- [GIVEN INFORMATION]

"""

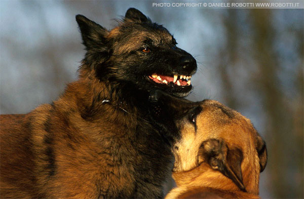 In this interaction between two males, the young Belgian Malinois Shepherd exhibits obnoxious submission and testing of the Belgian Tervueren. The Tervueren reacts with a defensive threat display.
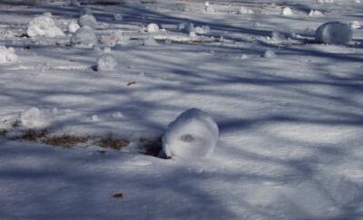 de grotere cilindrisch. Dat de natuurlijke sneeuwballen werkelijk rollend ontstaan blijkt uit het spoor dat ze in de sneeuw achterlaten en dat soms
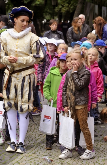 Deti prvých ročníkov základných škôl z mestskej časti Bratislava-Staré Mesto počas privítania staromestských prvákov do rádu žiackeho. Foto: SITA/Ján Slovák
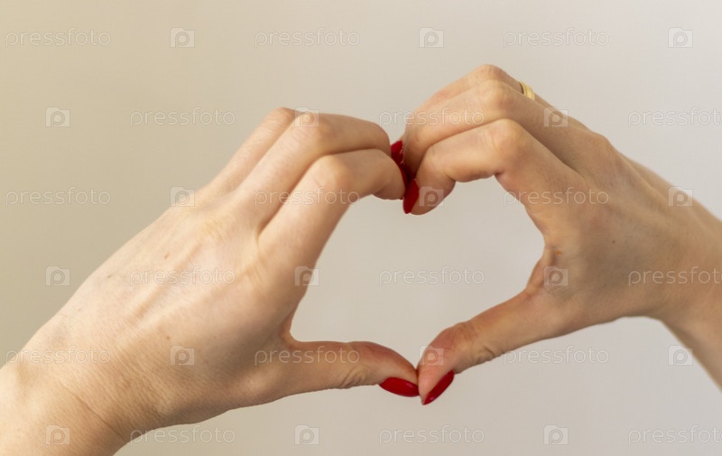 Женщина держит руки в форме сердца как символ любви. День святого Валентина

"""
"""

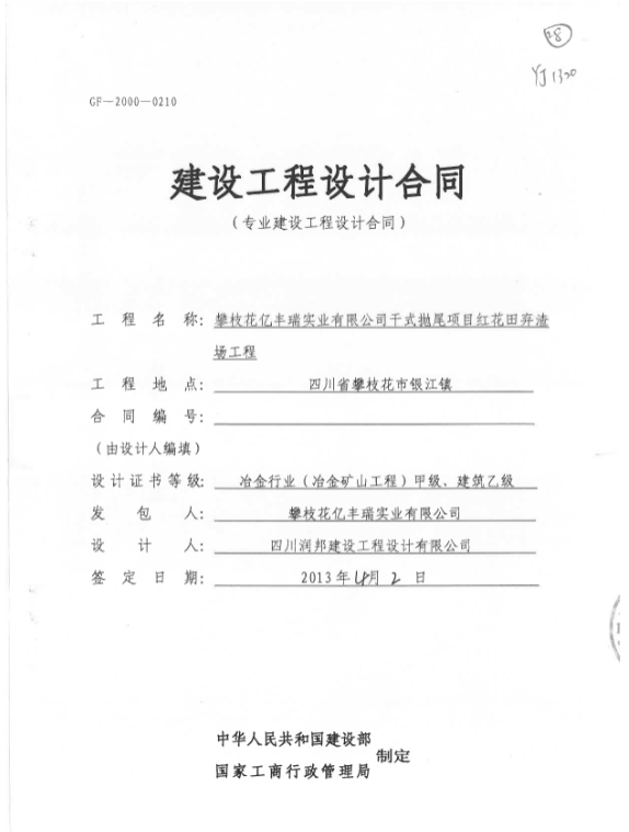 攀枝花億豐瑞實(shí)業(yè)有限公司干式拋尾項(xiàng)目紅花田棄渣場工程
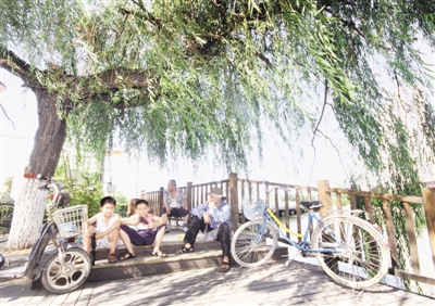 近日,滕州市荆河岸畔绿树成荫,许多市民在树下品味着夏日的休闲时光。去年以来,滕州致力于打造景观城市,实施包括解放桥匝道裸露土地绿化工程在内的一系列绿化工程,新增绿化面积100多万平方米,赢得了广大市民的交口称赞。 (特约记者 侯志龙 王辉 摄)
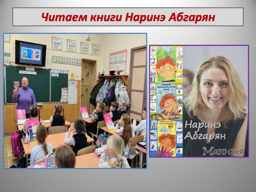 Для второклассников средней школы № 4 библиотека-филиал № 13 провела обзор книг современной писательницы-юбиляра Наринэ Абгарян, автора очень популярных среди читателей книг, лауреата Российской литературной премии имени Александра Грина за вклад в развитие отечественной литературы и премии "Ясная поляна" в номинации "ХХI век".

"""

With the pictures omitted, print the lines above exactly, beginning at the line with "In this interaction" and going on through the line with "Женщина держит руки".

 In this interaction between two males, the young Belgian Malinois Shepherd exhibits obnoxious submission and testing of the Belgian Tervueren. The Tervueren reacts with a defensive threat display.
 de grotere cilindrisch. Dat de natuurlijke sneeuwballen werkelijk rollend ontstaan blijkt uit het spoor dat ze in de sneeuw achterlaten en dat soms
 Deti prvých ročníkov základných škôl z mestskej časti Bratislava-Staré Mesto počas privítania staromestských prvákov do rádu žiackeho. Foto: SITA/Ján Slovák
 Женщина держит руки в форме сердца как символ любви. День святого Валентина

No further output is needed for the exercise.